Entrepreneur Szczurek makes Polish wish come true

4/7/2002 3:00:00 PM
By Todd Neff
In February, Theresa Szczurek was the keynote speaker at a conference in Warsaw, Poland, in which business and government luminaries explored ways for the country to bolster its economy through better support of entrepreneurial and established ventures.
Szczurek was well qualified for the task.

• She is an accomplished technologist, having begun her career designing and optimizing PBX systems at Bell Labs.

• She is an entrepreneur, having co-founded Radish Communications Systems in 1990 with Richard Davis, her husband and a former Bell Labs engineer. They grew the company to 60 employees before selling it in 1996 to Natick, Mass.-based SystemSoft for about $40 million.

•She is on the Colorado Techn-ology Incubator’s (CTI) advisory board.

•She is an independent consultant and budding motivational speaker, and is working on a book.

Szczurek is also, in her words, “100 percent pure-bred Polish.”

Her maternal grandmother, Antonette, grew up in a village called Wolakosnowa, situated amid rolling countryside two hours south of Krakow, according to Szczurek. She visited her ancestral home on her recent trip. “The farm was very small and they were very poor,” Szczurek said.

Shortly after World War I, Antonette left Poland, traveling alone to the United States and carrying a single trunk. She was 15 when she landed in Chicago’s Polish community, finding work as a chambermaid at Chicago’s Palmer House Hotel.

Antonette soon met the man she would marry.

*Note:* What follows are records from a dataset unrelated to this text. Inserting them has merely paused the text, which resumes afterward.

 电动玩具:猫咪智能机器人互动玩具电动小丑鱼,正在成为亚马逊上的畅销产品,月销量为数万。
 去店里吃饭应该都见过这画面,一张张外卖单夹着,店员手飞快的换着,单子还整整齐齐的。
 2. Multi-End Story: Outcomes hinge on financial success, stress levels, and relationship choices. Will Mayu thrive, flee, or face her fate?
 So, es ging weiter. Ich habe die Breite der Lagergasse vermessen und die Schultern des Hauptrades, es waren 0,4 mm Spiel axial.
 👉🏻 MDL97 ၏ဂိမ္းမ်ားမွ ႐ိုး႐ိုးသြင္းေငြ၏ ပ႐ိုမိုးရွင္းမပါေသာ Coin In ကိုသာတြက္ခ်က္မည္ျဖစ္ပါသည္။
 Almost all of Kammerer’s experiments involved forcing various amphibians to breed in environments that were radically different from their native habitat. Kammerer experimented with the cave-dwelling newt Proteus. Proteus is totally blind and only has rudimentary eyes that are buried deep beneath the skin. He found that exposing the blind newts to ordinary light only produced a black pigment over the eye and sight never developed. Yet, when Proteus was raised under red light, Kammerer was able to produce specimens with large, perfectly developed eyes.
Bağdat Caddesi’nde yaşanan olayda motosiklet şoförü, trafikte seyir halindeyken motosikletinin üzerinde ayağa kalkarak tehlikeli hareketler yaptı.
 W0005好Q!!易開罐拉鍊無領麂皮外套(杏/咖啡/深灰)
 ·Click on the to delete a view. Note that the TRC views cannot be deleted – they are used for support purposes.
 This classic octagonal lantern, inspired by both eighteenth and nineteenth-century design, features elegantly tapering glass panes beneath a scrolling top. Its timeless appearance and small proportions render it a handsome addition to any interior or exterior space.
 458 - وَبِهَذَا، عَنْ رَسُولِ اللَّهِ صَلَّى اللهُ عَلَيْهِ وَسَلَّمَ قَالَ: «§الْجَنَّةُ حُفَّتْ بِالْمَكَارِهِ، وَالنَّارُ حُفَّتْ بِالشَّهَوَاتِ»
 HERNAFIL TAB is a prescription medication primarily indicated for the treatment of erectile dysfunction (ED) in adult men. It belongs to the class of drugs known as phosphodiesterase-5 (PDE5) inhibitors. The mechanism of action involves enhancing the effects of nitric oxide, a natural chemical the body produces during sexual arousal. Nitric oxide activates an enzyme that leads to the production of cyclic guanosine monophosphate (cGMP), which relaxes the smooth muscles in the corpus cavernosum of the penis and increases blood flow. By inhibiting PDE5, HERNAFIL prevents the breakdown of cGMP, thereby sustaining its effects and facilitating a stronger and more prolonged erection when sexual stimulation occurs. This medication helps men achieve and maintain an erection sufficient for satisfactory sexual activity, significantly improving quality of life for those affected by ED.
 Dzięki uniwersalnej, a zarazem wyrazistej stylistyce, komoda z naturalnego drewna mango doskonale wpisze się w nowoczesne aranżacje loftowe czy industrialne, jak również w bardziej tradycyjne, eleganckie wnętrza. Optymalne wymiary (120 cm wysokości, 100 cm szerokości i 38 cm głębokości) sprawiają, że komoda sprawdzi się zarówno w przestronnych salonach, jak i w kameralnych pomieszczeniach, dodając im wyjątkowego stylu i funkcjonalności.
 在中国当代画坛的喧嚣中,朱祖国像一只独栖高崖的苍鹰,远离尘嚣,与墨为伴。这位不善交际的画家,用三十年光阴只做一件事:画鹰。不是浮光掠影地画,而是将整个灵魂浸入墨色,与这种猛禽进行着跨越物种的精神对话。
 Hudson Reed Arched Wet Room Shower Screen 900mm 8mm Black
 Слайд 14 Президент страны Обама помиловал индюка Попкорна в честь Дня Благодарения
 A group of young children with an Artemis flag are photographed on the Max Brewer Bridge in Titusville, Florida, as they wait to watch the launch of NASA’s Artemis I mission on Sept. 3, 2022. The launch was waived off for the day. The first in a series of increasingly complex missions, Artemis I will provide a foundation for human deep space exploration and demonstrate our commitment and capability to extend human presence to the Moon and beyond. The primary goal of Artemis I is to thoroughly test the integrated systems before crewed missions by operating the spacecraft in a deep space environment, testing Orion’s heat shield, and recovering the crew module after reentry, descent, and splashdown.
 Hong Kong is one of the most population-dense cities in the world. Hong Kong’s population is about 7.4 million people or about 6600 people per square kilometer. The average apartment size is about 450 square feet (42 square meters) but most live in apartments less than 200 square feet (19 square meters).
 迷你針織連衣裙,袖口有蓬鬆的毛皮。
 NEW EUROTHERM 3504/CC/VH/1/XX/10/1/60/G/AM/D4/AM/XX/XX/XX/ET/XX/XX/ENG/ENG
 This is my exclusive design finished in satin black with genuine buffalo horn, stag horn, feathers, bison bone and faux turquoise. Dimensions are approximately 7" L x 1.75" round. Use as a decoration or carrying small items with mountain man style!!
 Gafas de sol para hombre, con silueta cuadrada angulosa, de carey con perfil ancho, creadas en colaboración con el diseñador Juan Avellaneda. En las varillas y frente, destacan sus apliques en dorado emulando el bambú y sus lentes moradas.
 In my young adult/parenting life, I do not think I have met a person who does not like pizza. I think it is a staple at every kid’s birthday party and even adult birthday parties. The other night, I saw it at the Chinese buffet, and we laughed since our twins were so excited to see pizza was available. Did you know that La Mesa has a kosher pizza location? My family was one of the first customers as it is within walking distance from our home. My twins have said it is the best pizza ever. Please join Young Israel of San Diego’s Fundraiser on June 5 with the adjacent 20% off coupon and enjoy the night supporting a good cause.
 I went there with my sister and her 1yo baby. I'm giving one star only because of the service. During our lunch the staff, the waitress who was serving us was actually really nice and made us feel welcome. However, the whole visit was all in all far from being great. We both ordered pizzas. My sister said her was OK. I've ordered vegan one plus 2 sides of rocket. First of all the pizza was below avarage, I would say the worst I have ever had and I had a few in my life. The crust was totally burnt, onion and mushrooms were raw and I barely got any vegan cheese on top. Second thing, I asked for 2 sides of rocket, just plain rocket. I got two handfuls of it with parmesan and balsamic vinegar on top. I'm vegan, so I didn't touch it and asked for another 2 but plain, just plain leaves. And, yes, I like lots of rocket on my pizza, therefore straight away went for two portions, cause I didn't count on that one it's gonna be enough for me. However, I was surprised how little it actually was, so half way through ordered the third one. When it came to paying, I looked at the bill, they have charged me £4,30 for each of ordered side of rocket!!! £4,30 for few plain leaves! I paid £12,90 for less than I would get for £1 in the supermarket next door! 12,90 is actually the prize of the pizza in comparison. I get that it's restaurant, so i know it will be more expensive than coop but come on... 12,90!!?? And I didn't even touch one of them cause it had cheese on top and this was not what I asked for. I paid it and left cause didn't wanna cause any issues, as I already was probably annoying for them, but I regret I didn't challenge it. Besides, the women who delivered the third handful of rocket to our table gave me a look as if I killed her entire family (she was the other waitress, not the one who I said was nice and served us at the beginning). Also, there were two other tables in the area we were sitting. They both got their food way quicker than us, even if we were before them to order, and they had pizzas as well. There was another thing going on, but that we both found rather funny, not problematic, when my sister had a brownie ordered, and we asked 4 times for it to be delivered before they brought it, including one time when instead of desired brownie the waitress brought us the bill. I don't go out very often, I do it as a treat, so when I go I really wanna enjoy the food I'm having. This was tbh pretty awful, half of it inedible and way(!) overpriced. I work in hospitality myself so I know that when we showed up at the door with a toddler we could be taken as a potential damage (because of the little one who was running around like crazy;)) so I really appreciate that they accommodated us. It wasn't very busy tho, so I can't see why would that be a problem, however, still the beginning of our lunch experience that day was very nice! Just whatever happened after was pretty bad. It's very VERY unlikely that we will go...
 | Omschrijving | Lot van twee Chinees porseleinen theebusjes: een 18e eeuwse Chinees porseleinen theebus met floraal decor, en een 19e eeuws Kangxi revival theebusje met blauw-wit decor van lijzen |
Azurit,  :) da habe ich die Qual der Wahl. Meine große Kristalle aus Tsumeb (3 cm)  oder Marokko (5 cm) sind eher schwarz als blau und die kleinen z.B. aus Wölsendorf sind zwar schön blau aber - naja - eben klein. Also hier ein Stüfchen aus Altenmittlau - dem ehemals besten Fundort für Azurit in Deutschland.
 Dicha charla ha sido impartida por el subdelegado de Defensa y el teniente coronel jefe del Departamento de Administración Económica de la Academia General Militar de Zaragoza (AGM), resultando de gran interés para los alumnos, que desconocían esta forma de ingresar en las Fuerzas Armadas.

He had grown up in a village two miles from Wolakos-nowa and was working at the Palmer House as well. Szczurek credits the roots of her own entrepreneurial instincts to them.

Szczurek moved from her parents’ Chicago-area home through an education that includes two master’s degrees and a doctorate.

In 1984, Szczurek left AT&T International, where she had transferred
from Bell Labs to market the PBX systems she had helped design at Bell. She founded Technology and Management Solu-tions as she commenced her doctorate program at the University of Colorado.

Szczurek finished the program in 1989 and began brainstorming startup ideas with Davis, a former colleague still with Bell Labs. Before the commercialization of the Internet, Davis had invented a means of transmitting voice and data through a single phone line. “He was the technology visionary; I was more on the business side,” Szczurek said.

Not long after the sale of Radish, Szczurek was speaking to a local group when someone asked her what she would do next. “I said that, at some point, I’d really like to take my entrepreneurial experience and help Poland and Eastern Europe,” she recalled saying.

Szczurek’s recent trip to Poland came after a Polish delegation, sponsored by the CTI and the state’s Colorado Institute of Technology, visited Colorado last summer. She did a presentation about incubation and what she’d learned from her experiences with Radish to that group.

In both instances, Szczurek was able to combine two of her interests: economic development and encouraging people to pursue what she calls their “passionate purpose,” a research study of which she is currently turning into a book.

For Szczurek, working in Poland is an example of passionate purpose at work. “Lo and behold, six years (after mentioning it to the group), I’m doing it.”